Your reply should be a faithful copy of the records below, free of pictures.

◆ ◆ ◆ ◆ ◆

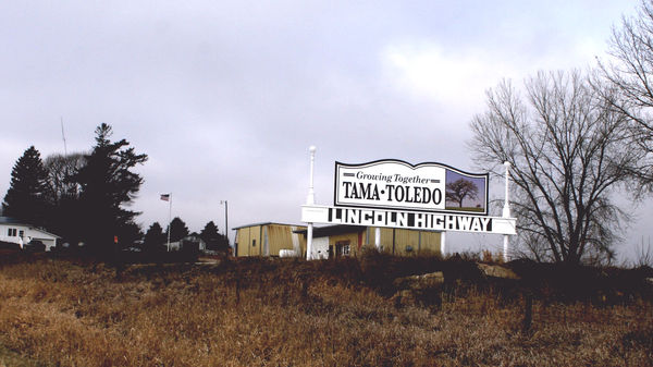 - view of the new Tama-Toledo Area Chamber of Commerce sign located east of Tama along U.S. Highway 30.
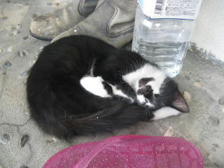 | 店の入口横で ひっくり返って寝ている「クロ」。 |
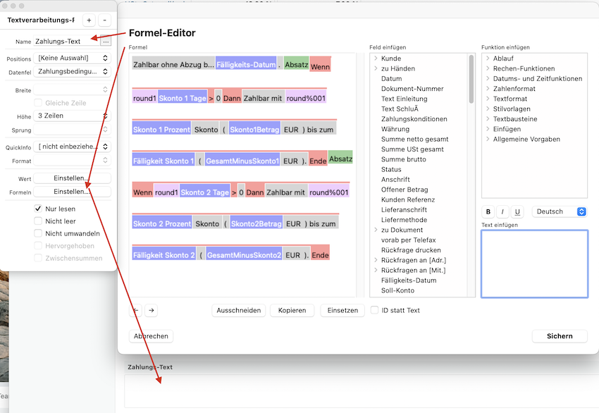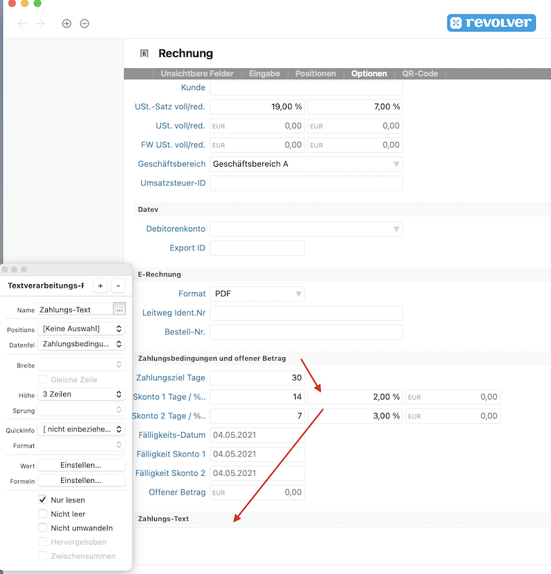 die Zahlungsbedingungen werden im Dokument ‚Rechnung‘ unter ‚Optionen‘ definiert. Das Feld ‚Zahlungs-Text‘ wertet die Eingaben aus. Im Design-Modus kann diese Formel verändert werden.
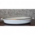Motif Roaster, 3 qt., 15"L x 10"W x 2-1/4" deep, oval, shallow, with tempered glass cover, Teflon® non-stick and QuanTanium® interior, coated stainless steel induction base, two-ply exterior, constructed of cast aluminum with ceramic reinforced finish, white (Stock Item)
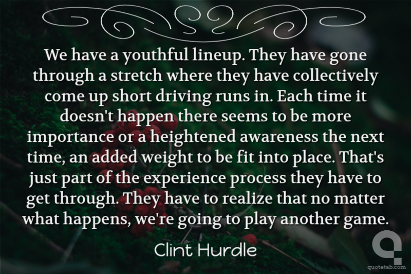 We have a youthful lineup. They have gone through a stretch where they have collectively come up short driving runs in. Each time it doesn't happen there seems to be more importance or a heightened awareness the next time, an added weight to be fit into place. That's just part of the experience process they have to get through. They have to realize that no matter what happens, we're going to play another game.
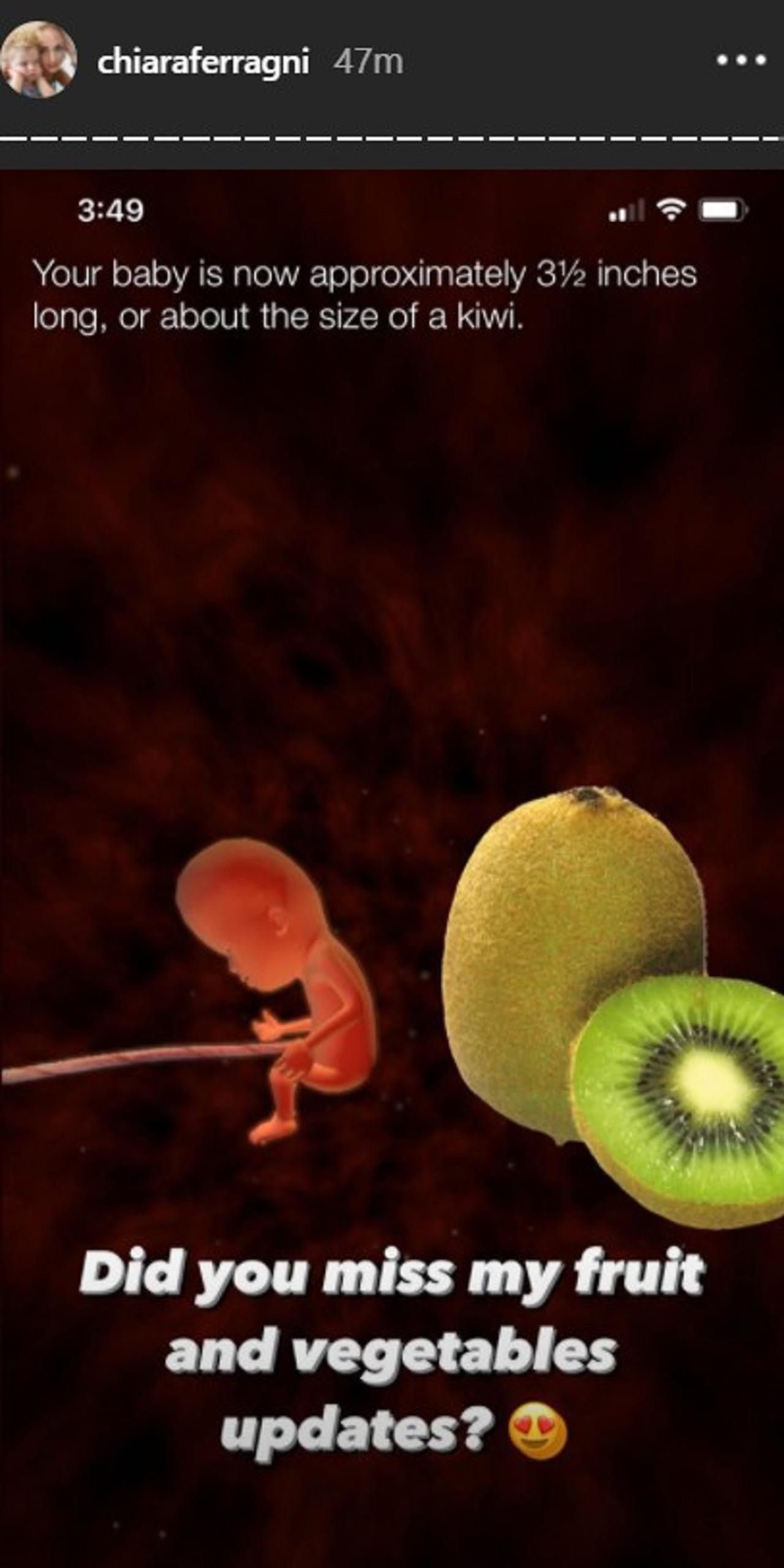第2子の妊娠中も頻繁に胎児の成長ぶりをお知らせするつもりのようで、「フルーツ&野菜に例えるアップデートが恋しかったでしょ?」というお茶目なコメントともに、「あなたの赤ちゃんの現在のサイズは、全長およそ3インチ半(約8.9センチ)。キウイくらいの大きさです」と記されたアプリの画面をインスタグラムストーリーで公開していた。
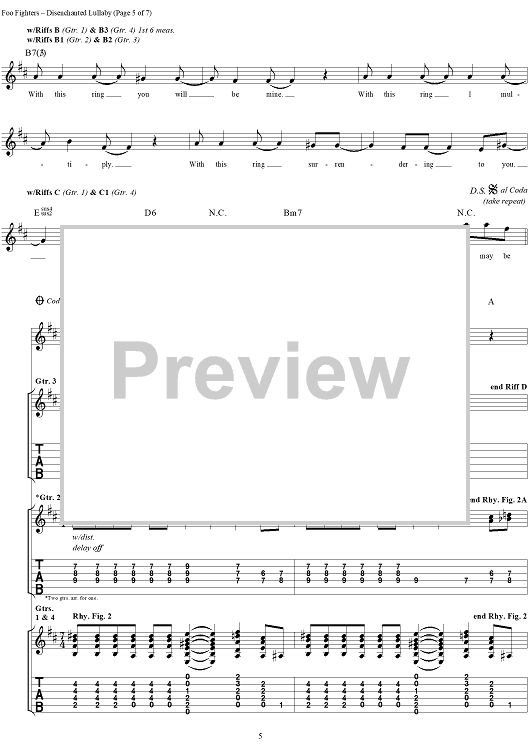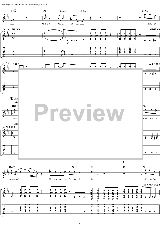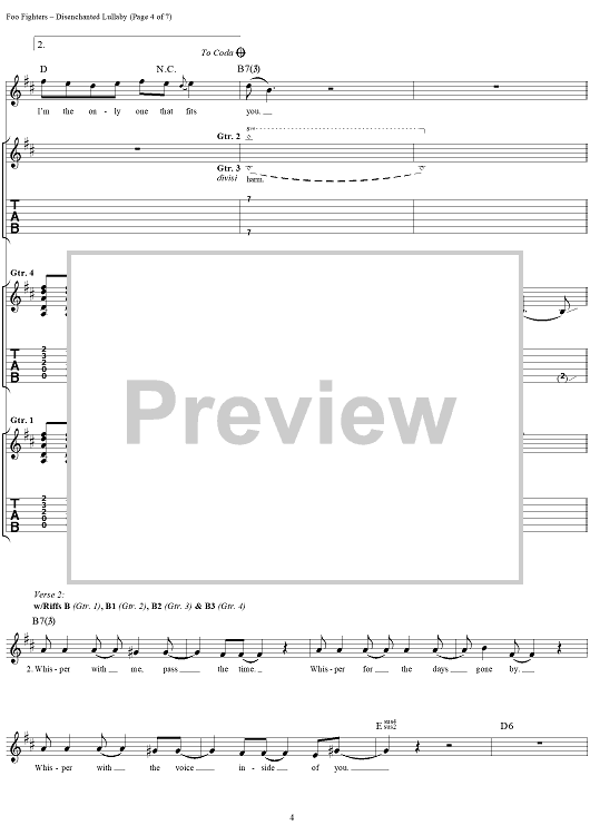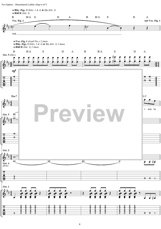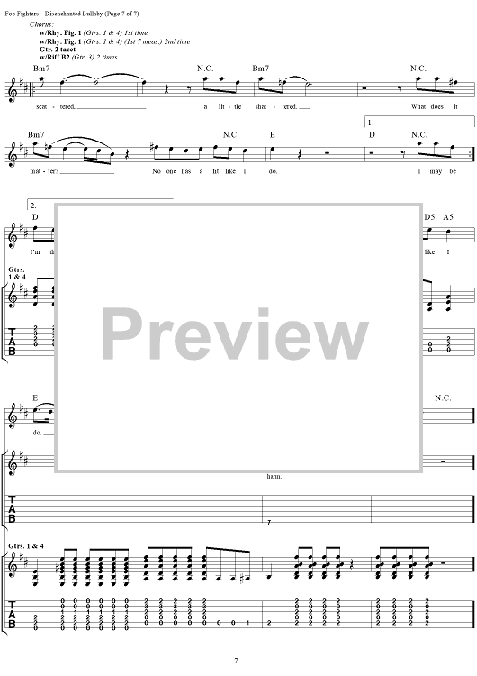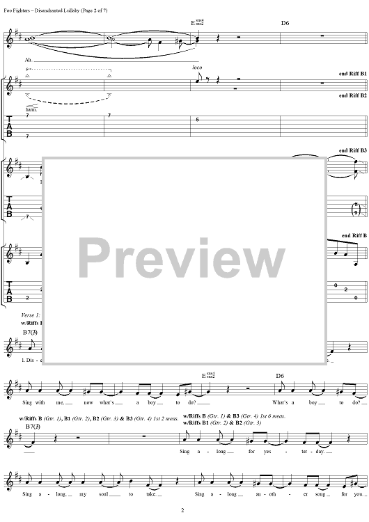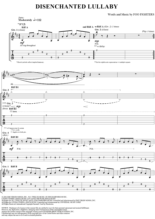 Digital Sheet Music for Disenchanted Lullaby by Foo Fighters scored for Guitar Tab/Vocal; id:296971
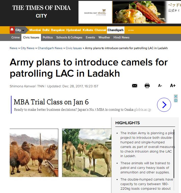 《印度时报》称,尽管中印在洞朗地区已经解除对峙,但印度陆军“仍然担忧中国士兵会在该地区出现”。鉴于这种情况,他们计划采取一个试点项目——即在中印边界地区引入骆驼,作为检查拉达克地区中印实控线周围有无“入侵”的综合措施的一部分。
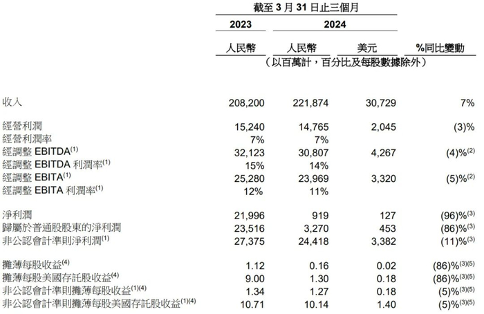阿里2024年第一季度营收为2218.74亿元(307.29亿美元),同比增长7%;经营利润为147.65亿元(20.45亿美元),同比下降3%;净利为9.19亿元(约1.27亿美元),同比降96%。

◆ ◆ ◆ ◆ ◆

▶ RESPONSE TO THE EXERCISE:
 - view of the new Tama-Toledo Area Chamber of Commerce sign located east of Tama along U.S. Highway 30.
 | 店の入口横で ひっくり返って寝ている「クロ」。 |
 die Zahlungsbedingungen werden im Dokument ‚Rechnung‘ unter ‚Optionen‘ definiert. Das Feld ‚Zahlungs-Text‘ wertet die Eingaben aus. Im Design-Modus kann diese Formel verändert werden.
Motif Roaster, 3 qt., 15"L x 10"W x 2-1/4" deep, oval, shallow, with tempered glass cover, Teflon® non-stick and QuanTanium® interior, coated stainless steel induction base, two-ply exterior, constructed of cast aluminum with ceramic reinforced finish, white (Stock Item)
 We have a youthful lineup. They have gone through a stretch where they have collectively come up short driving runs in. Each time it doesn't happen there seems to be more importance or a heightened awareness the next time, an added weight to be fit into place. That's just part of the experience process they have to get through. They have to realize that no matter what happens, we're going to play another game.
第2子の妊娠中も頻繁に胎児の成長ぶりをお知らせするつもりのようで、「フルーツ&野菜に例えるアップデートが恋しかったでしょ?」というお茶目なコメントともに、「あなたの赤ちゃんの現在のサイズは、全長およそ3インチ半(約8.9センチ)。キウイくらいの大きさです」と記されたアプリの画面をインスタグラムストーリーで公開していた。
 Digital Sheet Music for Disenchanted Lullaby by Foo Fighters scored for Guitar Tab/Vocal; id:296971
 《印度时报》称,尽管中印在洞朗地区已经解除对峙,但印度陆军“仍然担忧中国士兵会在该地区出现”。鉴于这种情况,他们计划采取一个试点项目——即在中印边界地区引入骆驼,作为检查拉达克地区中印实控线周围有无“入侵”的综合措施的一部分。
阿里2024年第一季度营收为2218.74亿元(307.29亿美元),同比增长7%;经营利润为147.65亿元(20.45亿美元),同比下降3%;净利为9.19亿元(约1.27亿美元),同比降96%。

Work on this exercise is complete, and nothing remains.